[[ Task data open ]]

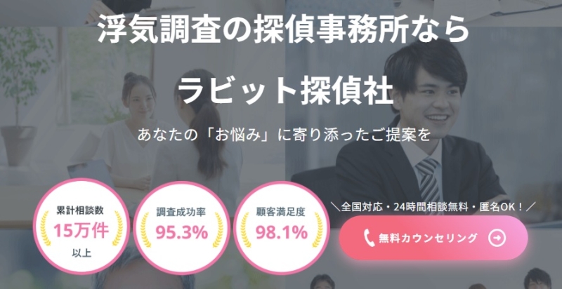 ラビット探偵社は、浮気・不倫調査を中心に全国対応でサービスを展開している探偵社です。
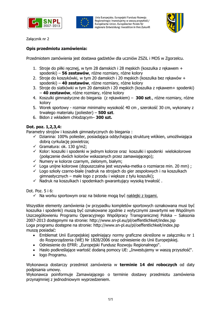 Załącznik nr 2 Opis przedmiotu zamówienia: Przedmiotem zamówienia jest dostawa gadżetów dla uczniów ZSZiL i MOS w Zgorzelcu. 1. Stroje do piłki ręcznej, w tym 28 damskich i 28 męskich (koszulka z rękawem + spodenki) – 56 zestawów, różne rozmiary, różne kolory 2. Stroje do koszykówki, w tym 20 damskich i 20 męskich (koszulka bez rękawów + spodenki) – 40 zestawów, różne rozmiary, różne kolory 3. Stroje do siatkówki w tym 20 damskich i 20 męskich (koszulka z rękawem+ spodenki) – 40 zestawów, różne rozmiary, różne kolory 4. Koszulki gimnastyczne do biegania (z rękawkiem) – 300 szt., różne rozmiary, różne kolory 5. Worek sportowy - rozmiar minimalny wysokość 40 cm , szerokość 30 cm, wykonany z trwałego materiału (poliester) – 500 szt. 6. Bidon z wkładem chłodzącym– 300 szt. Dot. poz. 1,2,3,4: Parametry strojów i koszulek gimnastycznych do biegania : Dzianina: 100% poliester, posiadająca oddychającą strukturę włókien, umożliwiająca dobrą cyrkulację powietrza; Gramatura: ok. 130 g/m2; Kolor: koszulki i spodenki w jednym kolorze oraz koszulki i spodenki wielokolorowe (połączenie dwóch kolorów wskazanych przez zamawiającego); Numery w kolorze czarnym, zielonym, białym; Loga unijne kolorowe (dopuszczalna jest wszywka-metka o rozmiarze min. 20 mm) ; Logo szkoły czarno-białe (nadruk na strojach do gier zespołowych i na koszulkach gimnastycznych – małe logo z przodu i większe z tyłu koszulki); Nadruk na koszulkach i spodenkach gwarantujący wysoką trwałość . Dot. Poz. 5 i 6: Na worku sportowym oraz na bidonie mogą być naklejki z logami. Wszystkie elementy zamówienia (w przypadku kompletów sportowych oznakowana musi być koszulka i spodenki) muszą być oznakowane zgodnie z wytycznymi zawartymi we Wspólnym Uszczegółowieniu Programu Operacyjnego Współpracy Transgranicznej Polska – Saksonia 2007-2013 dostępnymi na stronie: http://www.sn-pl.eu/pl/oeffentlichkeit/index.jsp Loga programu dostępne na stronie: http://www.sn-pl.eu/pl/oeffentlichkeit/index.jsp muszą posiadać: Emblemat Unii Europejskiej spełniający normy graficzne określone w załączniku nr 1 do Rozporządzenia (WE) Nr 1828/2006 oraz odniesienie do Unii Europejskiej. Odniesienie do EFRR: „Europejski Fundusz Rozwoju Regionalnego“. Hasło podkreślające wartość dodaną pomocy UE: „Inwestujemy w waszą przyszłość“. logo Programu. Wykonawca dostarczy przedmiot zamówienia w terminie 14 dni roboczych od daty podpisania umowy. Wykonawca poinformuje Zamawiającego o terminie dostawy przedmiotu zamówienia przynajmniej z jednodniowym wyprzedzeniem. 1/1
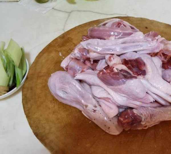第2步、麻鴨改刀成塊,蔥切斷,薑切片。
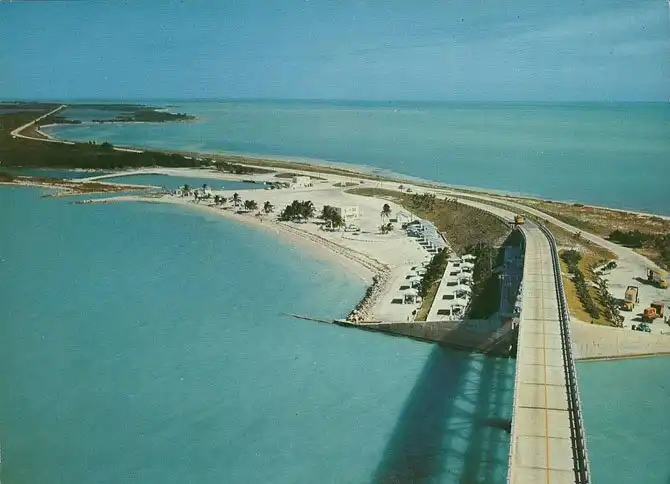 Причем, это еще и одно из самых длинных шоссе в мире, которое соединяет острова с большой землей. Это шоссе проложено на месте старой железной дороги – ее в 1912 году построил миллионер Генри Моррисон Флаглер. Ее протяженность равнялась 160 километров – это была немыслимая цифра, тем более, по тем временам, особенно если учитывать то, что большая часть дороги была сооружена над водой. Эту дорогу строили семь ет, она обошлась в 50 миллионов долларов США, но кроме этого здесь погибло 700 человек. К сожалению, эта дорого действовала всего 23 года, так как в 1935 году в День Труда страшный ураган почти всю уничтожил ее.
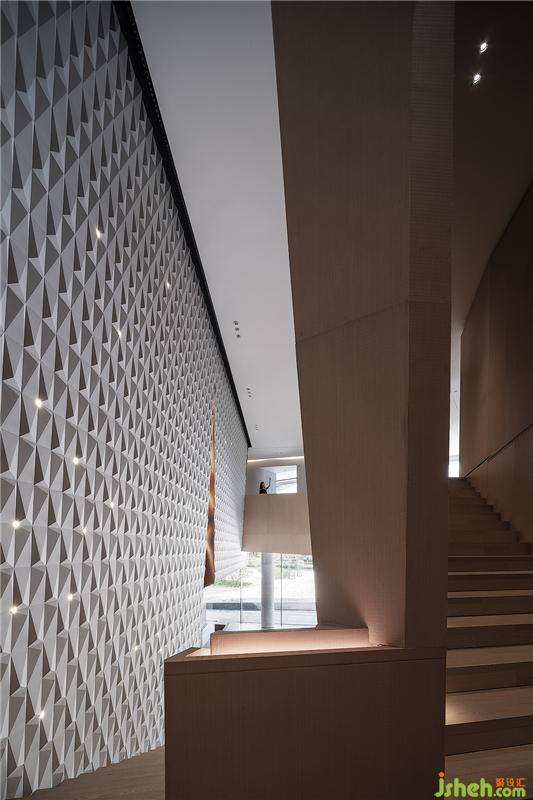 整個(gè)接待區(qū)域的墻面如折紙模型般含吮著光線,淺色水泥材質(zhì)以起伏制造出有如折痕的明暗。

[[ Task data closed ]]
[[ Task data open ]]

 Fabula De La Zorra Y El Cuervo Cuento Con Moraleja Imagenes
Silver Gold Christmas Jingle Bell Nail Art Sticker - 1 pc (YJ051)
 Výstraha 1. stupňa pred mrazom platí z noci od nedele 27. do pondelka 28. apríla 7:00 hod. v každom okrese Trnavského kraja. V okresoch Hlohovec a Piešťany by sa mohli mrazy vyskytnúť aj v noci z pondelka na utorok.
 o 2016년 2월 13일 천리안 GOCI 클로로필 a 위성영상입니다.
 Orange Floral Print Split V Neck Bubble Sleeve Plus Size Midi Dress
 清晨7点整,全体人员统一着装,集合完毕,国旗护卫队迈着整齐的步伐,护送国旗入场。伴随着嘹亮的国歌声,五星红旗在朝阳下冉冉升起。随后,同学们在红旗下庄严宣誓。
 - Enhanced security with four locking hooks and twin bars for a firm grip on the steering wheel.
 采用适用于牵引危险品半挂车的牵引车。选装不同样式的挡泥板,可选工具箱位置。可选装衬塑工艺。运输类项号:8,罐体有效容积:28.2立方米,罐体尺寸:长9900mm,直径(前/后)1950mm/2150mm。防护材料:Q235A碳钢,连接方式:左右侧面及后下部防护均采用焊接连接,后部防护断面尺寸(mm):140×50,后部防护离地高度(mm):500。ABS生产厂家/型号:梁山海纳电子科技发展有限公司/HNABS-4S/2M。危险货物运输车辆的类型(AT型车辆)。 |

[[ Task data closed ]]

Aim of the exercise: Only the lines above from the line containing "Orange Floral Print" through the line containing "采用适用于牵引危险品半挂车的" should be retyped, exactly and with both ends included.

Response:
 Orange Floral Print Split V Neck Bubble Sleeve Plus Size Midi Dress
 清晨7点整,全体人员统一着装,集合完毕,国旗护卫队迈着整齐的步伐,护送国旗入场。伴随着嘹亮的国歌声,五星红旗在朝阳下冉冉升起。随后,同学们在红旗下庄严宣誓。
 - Enhanced security with four locking hooks and twin bars for a firm grip on the steering wheel.
 采用适用于牵引危险品半挂车的牵引车。选装不同样式的挡泥板,可选工具箱位置。可选装衬塑工艺。运输类项号:8,罐体有效容积:28.2立方米,罐体尺寸:长9900mm,直径(前/后)1950mm/2150mm。防护材料:Q235A碳钢,连接方式:左右侧面及后下部防护均采用焊接连接,后部防护断面尺寸(mm):140×50,后部防护离地高度(mm):500。ABS生产厂家/型号:梁山海纳电子科技发展有限公司/HNABS-4S/2M。危险货物运输车辆的类型(AT型车辆)。 |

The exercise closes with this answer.